That is, the processing of the data may include parallel processing
and/or serial processing techniques. Parallel processing is the
simultaneous execution of the different tasks on multiple
processing devices to obtain results in less time, while serial
processing is the execution of the different tasks in a sequence
within a processing device. To provide enhancements in
computational efficiency, parallel processing relies on dividing
operations into smaller tasks, which may be performed
simultaneously on different processing devices. For example, the
processing may include processing devices, such as multicore/many
core microprocessors, graphics processing units (GPUs) and high
performance computing (HPC) systems to provide solutions in a
practical amount of time. As may be appreciated, delays in
processing a single task may delay the final solution and
result.
[0007] Stencil computations (i.e. kernels) are an integral part of
simulations of physical systems, which use finite difference method
(FDM), finite volume method (FVM); or finite element method (FEM)
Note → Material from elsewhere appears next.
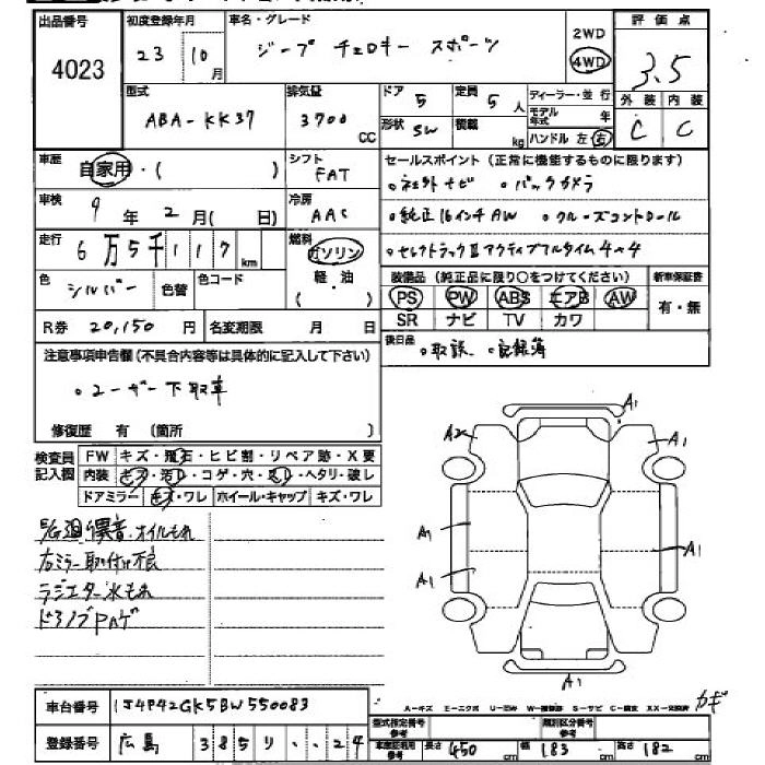 JEEP CHEROKEE 2011 г., лот № 4023

on grids. For parallel implementations of stencil computations,
data is exchanged between processing devices with the data being
transferred referred to as halos.
[0008] The inefficiencies in stencil computations increase as the
width of the stencils increase. For example, the performance
bottlenecks that lessen operational efficiency may include
exchanging more halos and/or performing memory accesses that are
not cache optimal.
[0009] To address such problems, conventional techniques utilize
various mechanisms. For example, one mechanism may include
lexicographic data layout. Lexicographic data layout involves row
or column major ordering. Another mechanism involves overlap
communication and computation, which is in an attempt to hide
parallel overhead. Further, loop tiling or cache blocking may be
used to re-use cached data. Finally, re-ordering data is used to
improve locality. One such technique is to use space filling
curves. Yet, while the re-ordering data to improve locality may
reduce the cache and translation look-up buffer (TLB) misses, it
fails to lessen halo extraction and/or halos injection overhead.
Indeed, conventional approaches of data re-ordering typically
require storing an additional look-up table that stores the map for
this re-ordering, which is additional overhead.
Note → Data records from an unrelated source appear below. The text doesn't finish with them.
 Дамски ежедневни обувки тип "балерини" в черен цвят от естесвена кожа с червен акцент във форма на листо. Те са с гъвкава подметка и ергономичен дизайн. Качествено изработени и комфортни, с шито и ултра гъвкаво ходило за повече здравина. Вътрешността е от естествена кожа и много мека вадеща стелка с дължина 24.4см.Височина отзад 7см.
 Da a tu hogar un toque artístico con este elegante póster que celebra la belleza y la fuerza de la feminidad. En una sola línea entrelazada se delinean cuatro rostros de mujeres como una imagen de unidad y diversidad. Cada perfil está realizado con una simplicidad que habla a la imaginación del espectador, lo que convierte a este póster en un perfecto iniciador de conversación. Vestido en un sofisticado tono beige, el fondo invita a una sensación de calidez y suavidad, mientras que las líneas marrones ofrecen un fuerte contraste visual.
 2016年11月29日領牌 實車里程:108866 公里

[0010] As such, there is a need for enhanced techniques that may
effectively use two-dimensional (2-D) and/or three-dimensional
(3-D) domain decomposition and store such data to avoid halo
injection operations and the halo extraction operations in the
slow-varying directions. Further, enhanced techniques are needed to
provide macro-block decomposition to lessen halo extraction and/or
injection overhead with data re-ordering to enhance locality. Also,
enhanced techniques are needed to lessen look-up tables by having
the mapping built into the standard 2-D and/or 3-D array data
structure used for stencil computations.
SUMMARY
[0011] According to disclosed aspects and methodologies, a system
and method are provided for simulating a physical system with two
or more processing devices. The method includes determining stencil
parameters for data representing a physical system; allocating
memory for at least one of a plurality of processing devices based
at least partially on the stencil parameters, wherein the allocated
memory is further divided into a plurality of macroblocks based on
the stencil parameters; concurrently processing with the plurality
of processing devices the data in a simulation of the physical
system; outputting the simulation results; and performing
operations on the physical system based on the simulation
results.
[0012] In yet another embodiment, a computer system for simulating
a physical system with two or more processing devices is described.
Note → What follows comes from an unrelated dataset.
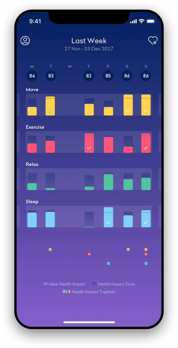 To generate sustainable outcomes for better personal health, we visualize a user’s movement, exercise, relaxation and sleep on different time scales: daily, weekly, and monthly. These three views foster an understanding of a user’s current health status as well as the long term impact of habits and behaviours.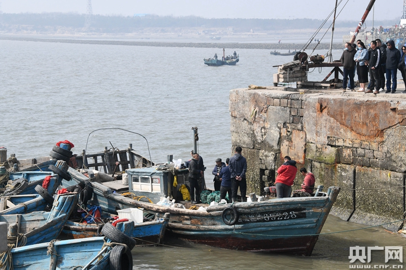 3月14日,紅島漁港碼頭,出海捕撈海星的漁船返港。(央廣網記者 王偉 攝)

The computer system includes a plurality of processing devices;
memory in communication with at least one of the plurality of
processing devices; and a set of instructions stored in memory and
accessible by the processor. The set of instructions, when executed
by the processor, are configured to: determine stencil parameters
for data representing a physical system; allocate memory for at
least one of the plurality of processing devices based at least
partially on the stencil parameters, wherein the allocated memory
is further divided into a plurality of macroblocks based on the
stencil parameters; perform a simulation with the data and the
plurality of processing devices, wherein the at least one of the
plurality of processing devices relies upon the allocated memory to
perform stencil computations for a portion of the data associated
with the at least one of the plurality of processing devices; and
output the simulation results.
[0013] Further, in one or more embodiments, the allocation of
memory for the at least one of the plurality of processing devices
further comprises: assigning one of the two or more sub-grids to
the at least one of the plurality of processing devices; dividing
the one of the two or more sub-grids into a plurality of regions;
and dividing the plurality of regions into the plurality of
macroblocks. The stencil parameters may be determined is based on
equations used in the simulation.
BRIEF DESCRIPTION OF THE DRAWINGS
[0014] The foregoing and other advantages of the present disclosure
may become apparent upon reviewing the following detailed
description and drawings of non-limiting examples of
embodiments.
[0015] FIG. 1 is a flow diagram of a method for configuring data
blocks in accordance with an exemplary embodiment of the present
techniques.
[0016] FIG. 2 is a flow diagram of a method for simulating using
stencil computations in accordance with an exemplary embodiment of
the present techniques.
[0017] FIG. 3 is an exemplary a diagram of sub-grid and associated
halos received from other sub-grids for a processing device.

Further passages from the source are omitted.